Transcribe nothing except the lines below that run from the one with "Wir sind ehrlich: Wenn" to the one with "國安處昨(2日)拘捕1男4女,涉嫌發表廢除…", ends included, and do not copy any picture.

◆ Supplied records ◆
■ ■ ■

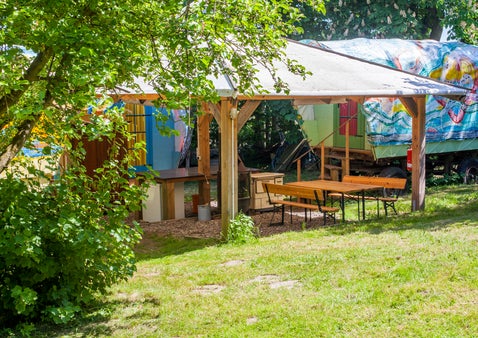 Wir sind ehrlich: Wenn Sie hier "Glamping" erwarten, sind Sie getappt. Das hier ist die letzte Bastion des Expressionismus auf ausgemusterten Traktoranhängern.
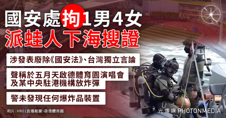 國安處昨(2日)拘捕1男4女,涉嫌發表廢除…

■ ■ ■

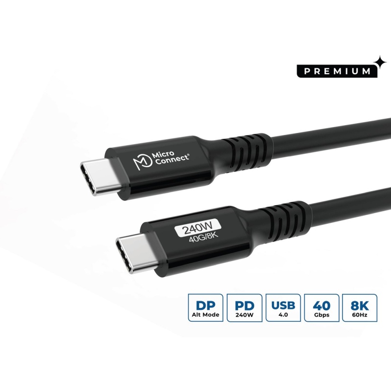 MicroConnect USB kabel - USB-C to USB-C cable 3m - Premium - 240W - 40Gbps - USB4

■ ■ ■

◆ Response to the task ◆
 Wir sind ehrlich: Wenn Sie hier "Glamping" erwarten, sind Sie getappt. Das hier ist die letzte Bastion des Expressionismus auf ausgemusterten Traktoranhängern.
 國安處昨(2日)拘捕1男4女,涉嫌發表廢除…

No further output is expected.